И в 1968-м — даже в далекой «Магаданской правде» — их все еще клеймили оптом областные пародисты: «А ну-ка брысь! Куда ты прешься? Не евтушись! Не вознесешься!»

И Евтушенко в середине шестидесятых все еще уверял Ольгу Андрееву-Карлайл, что «Вознесенский и Ахмадулина являются нашими наиболее перспективными поэтами» (Пари ревю. 1965). Забавно, правда, что при этом Евтушенко, отодвигая Ахмадулину от Вознесенского, стал вдруг втолковывать Андреевой, будто Белла Ахатовна — это его, Евгения Александровича, жена, когда та давно была женой Нагибина…

Через несколько десятков лет Евтушенко опять скажет о них — но уже с ностальгической грустью: «Андрей Вознесенский и Белла Ахмадулина — замечательные поэты, они создали то, что редко кому удается: у них есть свой стиль… Но в личной жизни происходит то, о чем я уже как-то сказал. „Уходят друзья, кореша, однолетки, / как будто с площадки молодняка / нас кто-то разводит в отдельные клетки / от некогда общего молока. / Напрасно скулю по друзьям, как звереныш — / Друзей не воротишь…“» (ПМЖ. 1998. № 1. Май).

Но в начале шестидесятых они были заодно. И Вознесенский вспоминал Бретона с Арагоном, отбиваясь от тех, кого нервировали в поэзии дерзость и молодость: «А вдруг сбылась дадаистическая строка-стихотворение, которую в групповом экстазе совместно написали когда-то собратья Дали — сюрреалисты Андре Бретон, Поль Элюар, Макс Эрнст и Луи Арагон? „Изысканный труп будет пить молодое вино“».
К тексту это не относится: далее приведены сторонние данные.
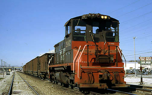 Here is a view of Conrock's, General Electric, 44 ton switch engine. As you can see it has protective sheet metal cover over each end of the hood, this cover kept sand from falling into the engine compartment.
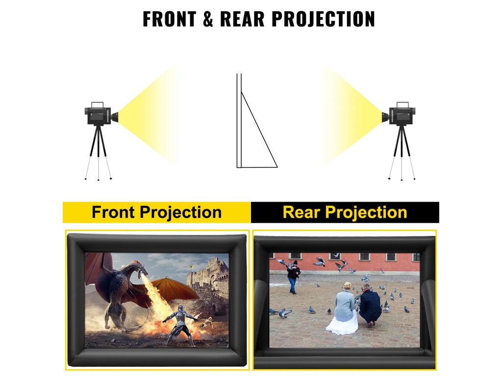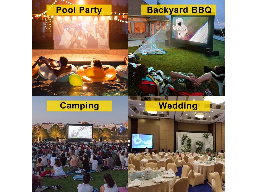 Nafukovací projekční plátno nabízí velkou zobrazovací plochu 4 × 2,1 m s poměrem stran 16:9. Podporuje přední i zadní projekci, takže si můžete vychutnat kvalitní filmový zážitek doma i venku s rodinou a přáteli.

Впрочем, молодость лишь сглаживала углы. До поры до времени. Вот любопытная анкета 1962 года. И тут уже один ровесник не упускает случая отодвинуть другого — вроде и говорит о нем по-доброму, но ставит на место, то прямо называя его, то под видом некоего знакомого поэта…

Из ответов Вознесенского и Евтушенко на вопросы анкеты журнала «Вопросы литературы» 1962 года:

«1. Какой жизненный опыт предшествовал началу Вашей литературной работы? Когда и где были опубликованы Ваши первые произведения?

Андрей Вознесенский: Я окончил Московский архитектурный институт. Много занимаюсь живописью. Думаю, что лучший способ набирания жизненного опыта — это жить. Этим я и занимался до начала литературной деятельности. Впервые напечатался в „Литературной газете“ в 1958 году.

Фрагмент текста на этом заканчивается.